= Nelson Brickham =

American CIA officer

Nelson Henry Brickham, Jr. (23 January 1927 – 1 February 2007) was a Central Intelligence Agency officer, best known for his role in developing the Phoenix Program.

==Career==
Brickham graduated from Yale University in 1949, and joined the Central Intelligence Agency the same year. After some years in the Directorate of Intelligence, he transferred to the Operations Division in 1955, serving in the Soviet-Russia Division. In 1960 Brickham was posted to Teheran, managing intelligence and counterintelligence operations against Soviet targets in Iran. By 1964 he was working in the Sino-Soviet Relations Branch.

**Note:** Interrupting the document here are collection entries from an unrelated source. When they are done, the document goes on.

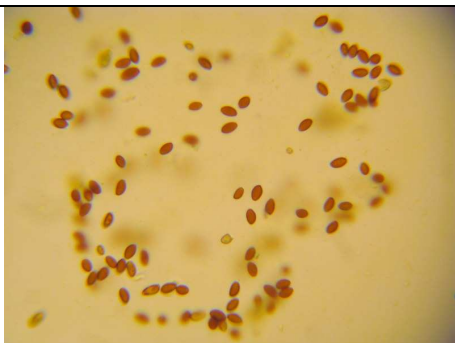
SPORE ELISSOIDI A PARETE SPESSA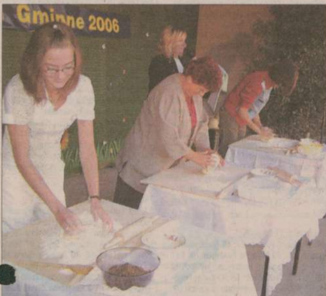
Prawdziwy sprawdzian dla rzeczenniczanki - lepienie pierogów.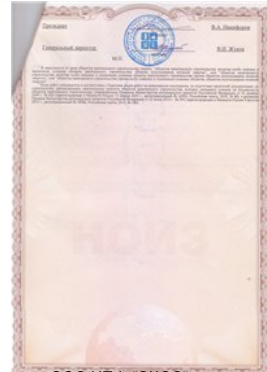
ь" на участке в Зауралье по процедуре аккредитации ОАО "Нефтяная Компания "Роснефт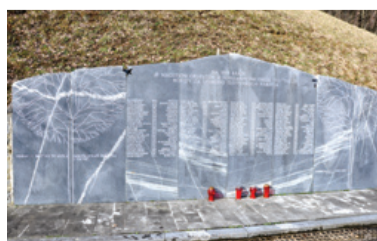
Spomenik frankolovskim žrtvam

12. februarja 1945 so nacisti v Frankolovem obesili devetindeset talcev, enega pa ustrelili kot maščevanje za smrt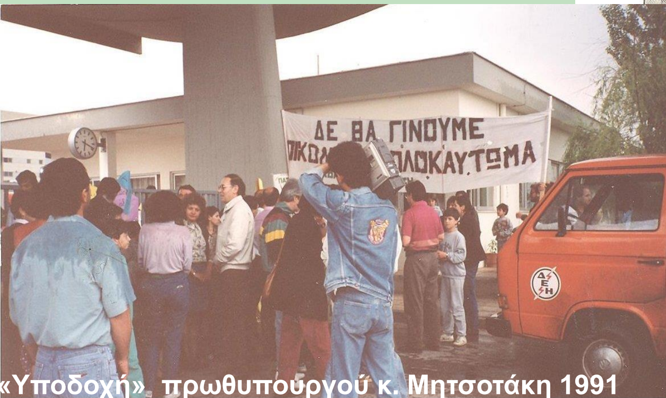
«Υποδοχή» πρωθυπουργού κ. Μητσοτάκη 1991

In 1965-66 Brickham was the senior CIA officer in charge of Foreign Intelligence Field Operations throughout South Vietnam. In 1966 Saigon station chief John Limond Hart assigned Brickham to Robert Komer's staff, where in late 1966 to June 1967 Brickham developed ICEX-SIDE (later renamed the Phoenix Program) as a single organizational structure to coordinate intelligence, military and police activities in Vietnam. The system was modelled on the Ford Motor Company's executive staff structure. It was also inspired in part by David Galula's Counterinsurgency Warfare (1964), a book based on Galula's experiences in the Algerian War which Brickham was "very taken" with and carried with him around Vietnam.